Подводя итоги, подчеркнем, что гегелианство Ильина, оплодотворенное учениями новейших мыслителей, есть (как и у Спира) обращение к метафизике в пределах имманентных данных сознания. «Непостижимое» в мире овладевает нами, как «Предмет», как Абсолют, – всецело подчиняющий нас себе, и это сообщает философии «религиозный смысл» – но не выводит за пределы имманентной сферы, т.е. не вводит нас в мир религии. Эта характерная остановка перед Трансцендентным нам ещё встретится у Франка (позиция которого, впрочем, этим одним не определяется), а для Ильина она является пределом и границей его философского зрения. Ничто так не раскрывает недостаточность построений, опирающихся на «духовный опыт», как эта интерпретация данных духовного опыта в терминах имманентизма. Как и у Гегеля, у Ильина система имманентизма становится жертвой иррационализма – ибо остановка на имманентных данных (как бы далеко не шло раскрытие того «непостижимого», что открывается в этих данных) есть торжество не разума, а именно иррациональности, невидения того, что находится за пределами «опыта». Есть иррационализм, готовый пожертвовать непосредственными данными знания для Трансцендентного, но есть иррационализм, который замыкается в пределах этих непосредственных данных: уходить от Трансцендентного так же иррационально, так же уводит нас от подлинного бытия, как иррационально и отвержение логики, присущей имманентной сфере.
9. Переходим к последней группе – к русским гуссерлианцам. Густав Густавович Шпет родился в 1879 г. По окончании университета в Киеве он перешел в Москву вслед за своим учителем проф. Г.И. Челпановым, здесь же сдал магистерский экзамен и стал преподавателем, а позже и профессором университета. Шпету принадлежит много работ по истории философии – особенно по XVIII в. (статьи по «истории рационализма XVIII в.» в «Вопр. фил. и псих.»). В 1918 г. он выпустил в свет большую книгу под заглавием «История, как проблема логики». К этому же времени относятся работы Шпета и по истории русской философии – превосходный этюд о философских взглядах Юркевича («Вопр. фил.»), о Герцене, несколько позже о Лаврове. В 1922 г. Шпет выпустил в свет «Очерк развития русской философии», который мы не раз цитировали в I томе; можно лишь пожалеть, что Шпет ограничился только I частью. Неприятная манера резких, часто презрительных и всегда придирчивых характеристик у Шпета, не мешает высоко ценить эту книгу с её тщательным изучением первоисточников. Помимо работ по философии истории Шпет писал и по другим общим вопросам – сюда прежде всего относится книга «Явление и смысл» («Феноменология, как основная наука, и её смысл». Москва. 1914 г.), статья «Сознание и его собственник» (сборник статей в честь Г.И. Челпанова.
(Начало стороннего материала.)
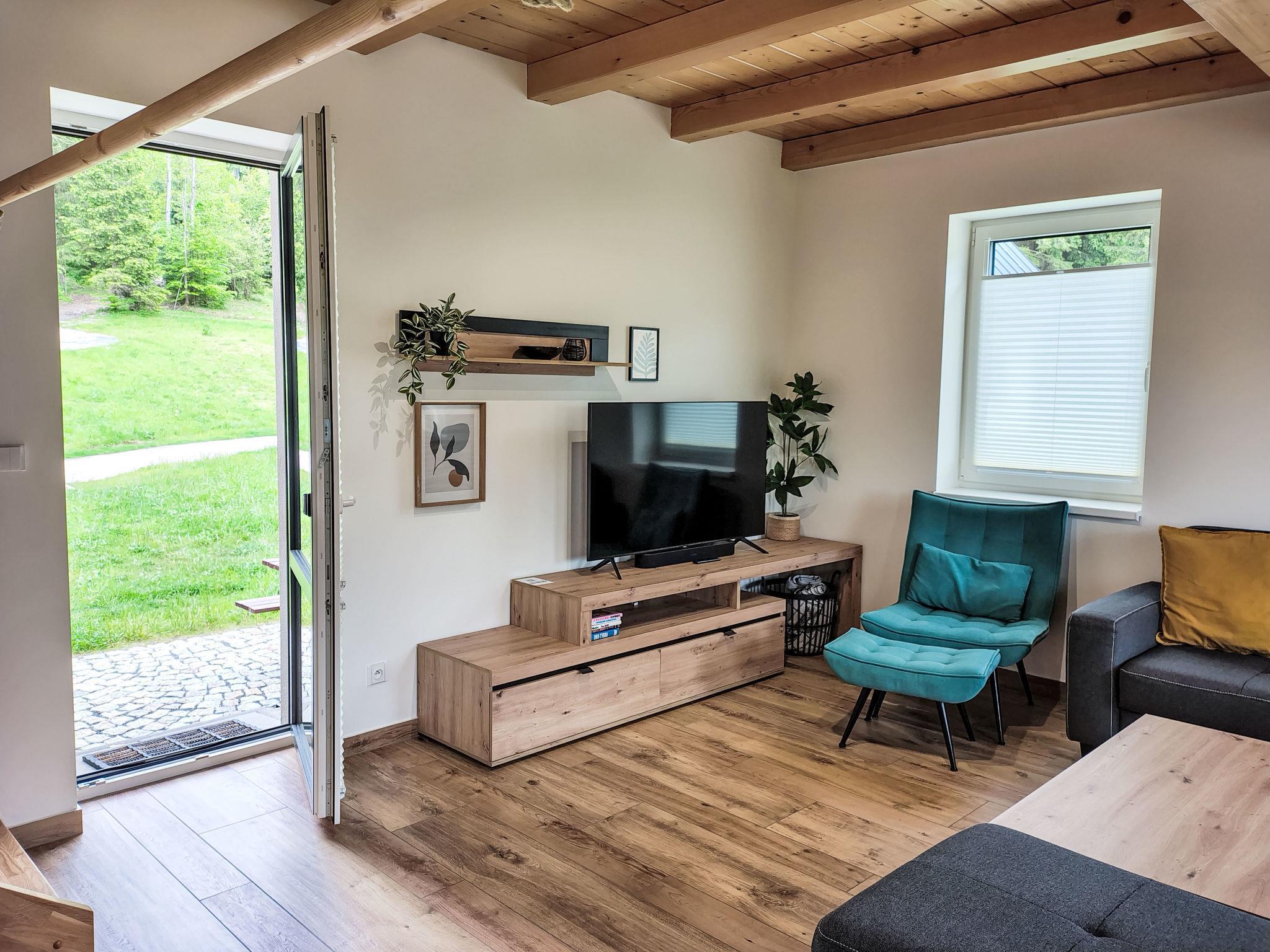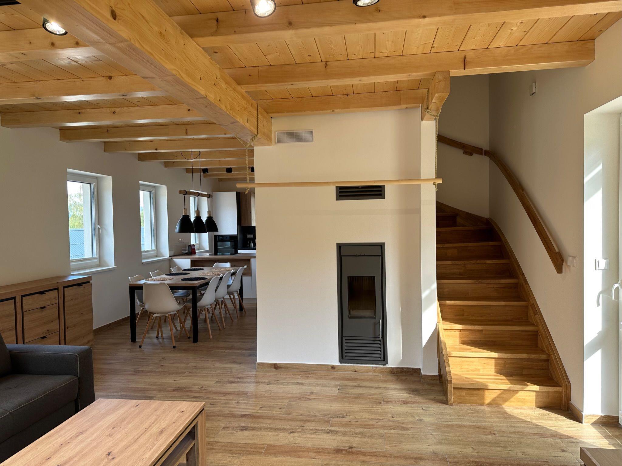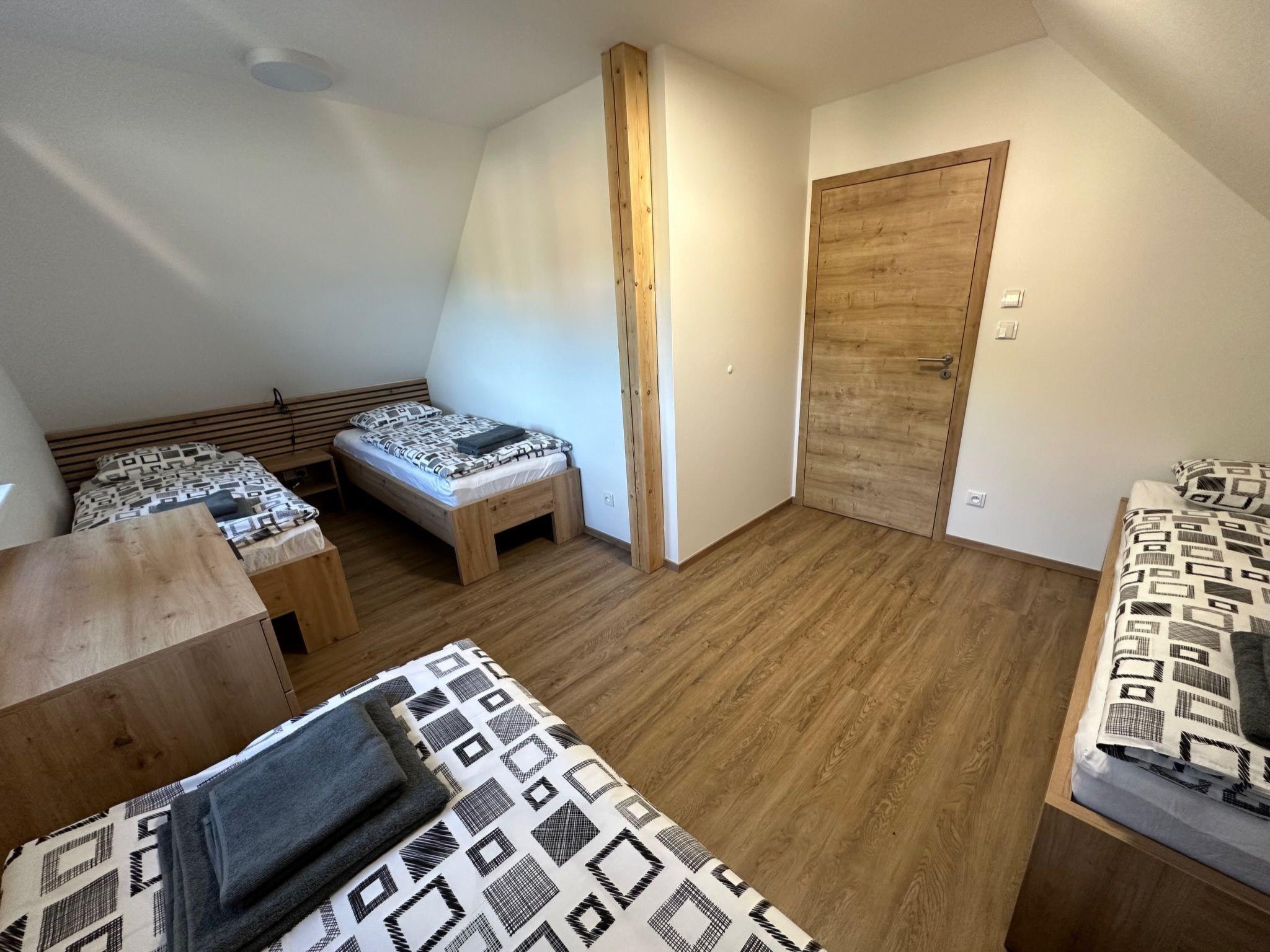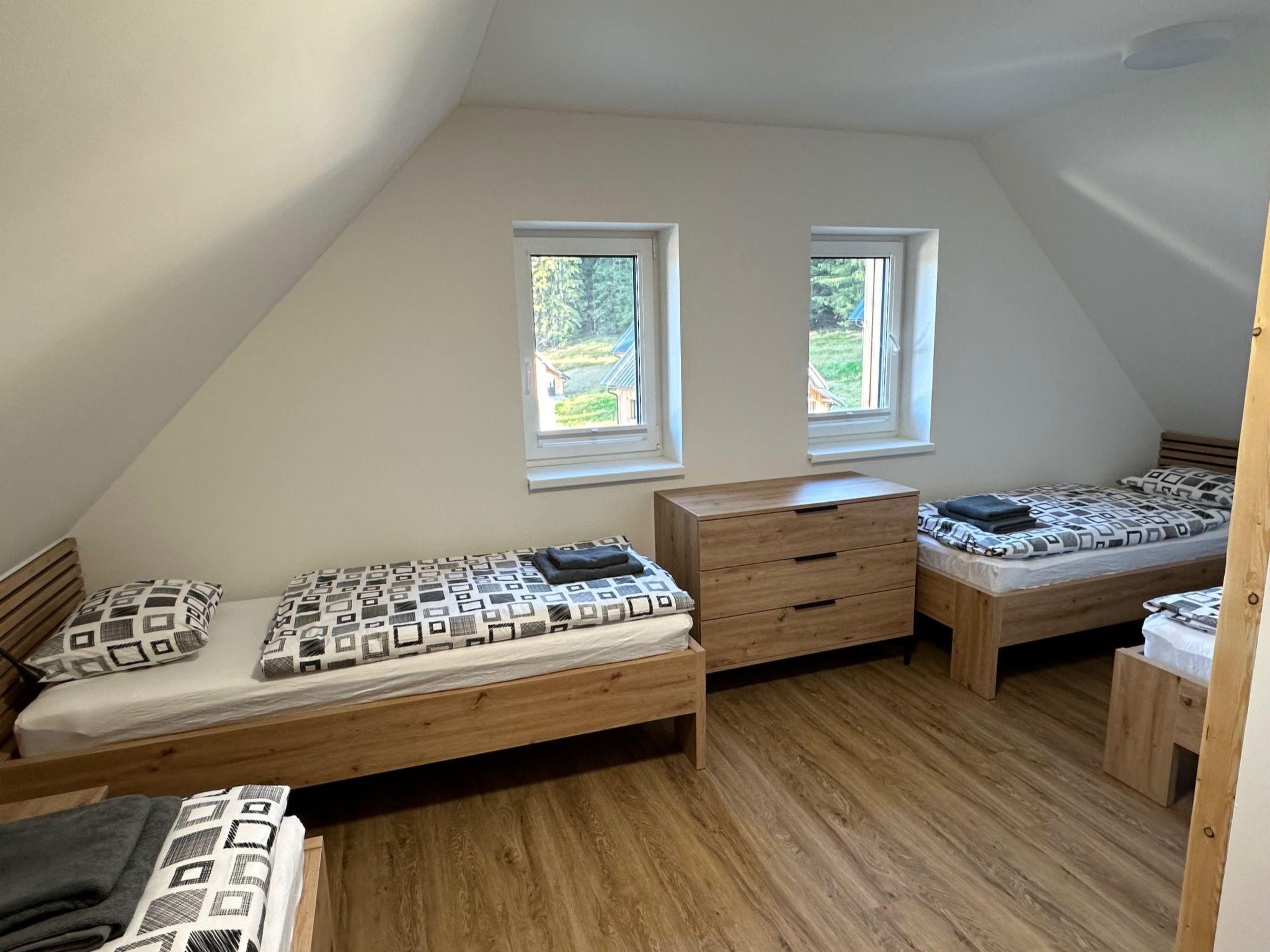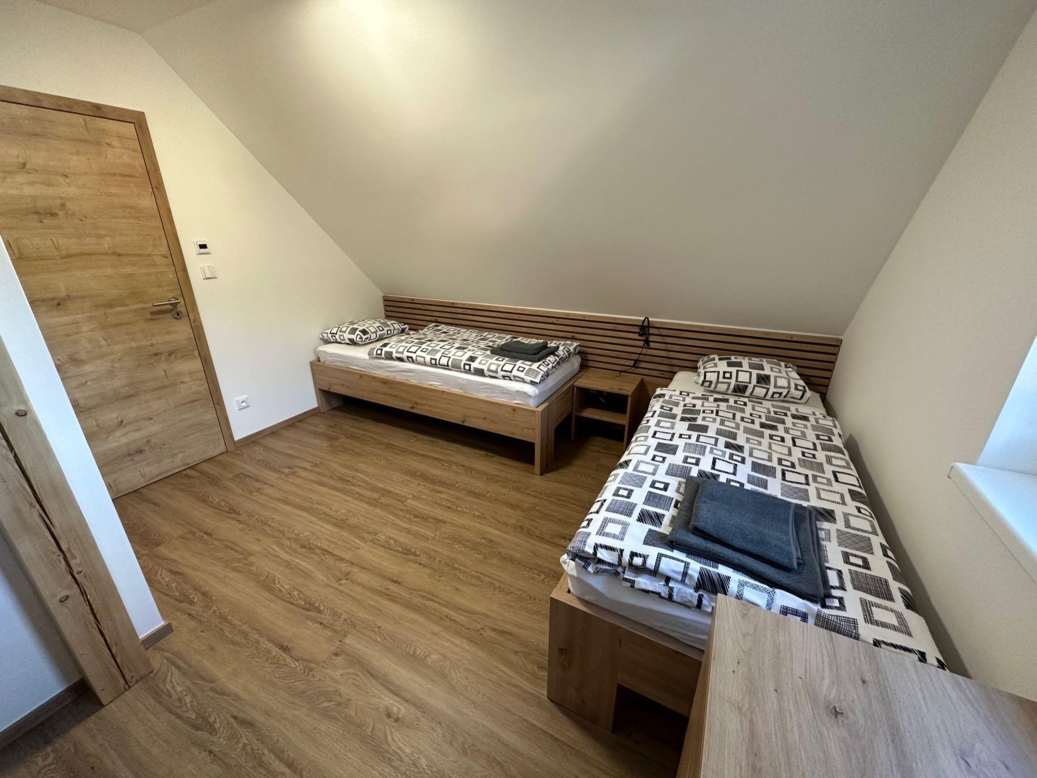 Comfortable cottage, 2 storeys, detached, built in 2023. Outside the resort, along the wooded area, 2 km from the skiing area. Private: property. Terrace. In Winter: please take snow chains. Parking. E-charging station. Shop 2 km, grocery 2.5 km, supermarket 6 km, shopping centre 20 km, restaurant 2 km, bus stop "Jiretín pod Bukovou" 1.4 km, railway station "Jiretín pod Bukovou" 1.3 km, outdoor swimming pool 7 km, indoor swimming pool 20 km. Golf course (9 hole) 17 km, walking paths from the house 10 m, cycle lane 100 m, ski lift 2 km, slopes 2 km, ski rental 2 km, ski school 2 km, cross country ski track 100 m, children's playground 3 km. Nearby attractions: Rozhledna Cerná Studnice 6 km, Muzeum obrnené techniky Smržovka 6 km, Vodopády Jedlové 7 km, Kittelovo muzeum v Krásné 12 km, Aquapark Babylon, IQLandia, ZOO Liberec 22 km, Bozkovské jeskyne 22 km. Well-known ski regions can easily be reached: Tanvaldský Špicák 2 km, Filip Smržovka 4 km, Svetlý Vrch Albrechtice 4 km, Josefuv Dul 7 km, Severák, Bedrichov 12 km. Hiking paths: Hrebenovka.

М., 1916), статья «Скептик и его душа» («Мысль и слово» II в. 1. 1918), книги «Введение в этническую психологию» (1927), «Внутренняя форма слова» (1927), «Эстетические фрагменты» (I-III, Москва, 1922–1923). После 1927 г. Шпет, по-видимому, ничего не печатал, и самая судьба его остается неизвестной (Подробней о судьбе и творчестве Г. Шпета см. в издании: Шпет Г.Г. Сочинения. М., 1989).
Обращаясь к теоретическим трудам Шпета2822, мы должны признать в нем правовернейшего последователя Гуссерля – не только в отношении к общей идее его феноменологии. Для Шпета то, что нам дано, слагается из «явлений» и находимых в них (через феноменологическую редукцию) «смыслов» – поэтому для него просто выпадает вековая проблема метафизики, самого понятия «вещи в себе». В явлениях, в их «глубине» нам открывается мир «идей» или «эйдосов», – уже тут мы имеем transcensus, но далее, по Шпету, идти некуда. «Предмет», – говорит в одной статье Шпет2823, – есть только неопределенный «носитель многообразного содержания, связанного в один узел в некоем осмысливающем его центральном ядре». Далее этого осторожного утверждения Шпет боится идти; метафизика для него есть простая «неудача в философии»2824: «Под метафизикой, – продолжает тут же Шпет, – я разумею всякое стремление возвести доксу2825 в строгое знание». «Против метафизики, как формы литературного творчества, – замечает Шпет, повторяя известное выражение Ланге о «поэзии понятий», – я не возражаю и такой метафизики не отвергаю». «Метафизические претензии на знание – есть признак псевдофилософский», – поучает нас далее Шпет, для которого философия должна быть «строгой наукой» о «смыслах», об «идеальном бытии», находимом в «явлениях». Шпет категорически отказывается возводить двойственность «явлений» и «смыслов» к метафизическому истолкованию и отвергает «дуалистическое утверждение посюстороннего мира явлений и потустороннего мира вещей в себе». Шпет утверждает «единство вещи», как оно дано в опыте («явления» и «смысла»), достаточно полном и не требующем «выхода» за пределы опыта2826. Можно, как мы видели, создавать мнения о значении того, что есть «единство вещи» – но от таких «мнений» до философии, как «знания» – дистанция огромного размера. «Философия, как знание, – пишет Шлет2827, – есть высшая историческая и диалектическая ступень философии, поэтому я не отрицаю, а напротив, утверждаю наличность истории, в течение которой философия становится знанием». Это утверждение, имеющее надлежащий смысл лишь в системе Гегеля, для Шпета есть выражение его снисходительности ко всем построениям до Гуссерля, – тем более пикантной, что (явно в угоду советской цензуре!) Шпет вдруг признается, что «едва ли можно найти что-либо удобнее (!) марксизма» для установления «исторического контекста»2828. Надо тут же заметить, что никакого «удобного марксизма» в книге Шпета, откуда взята эта цитата, и следа нет.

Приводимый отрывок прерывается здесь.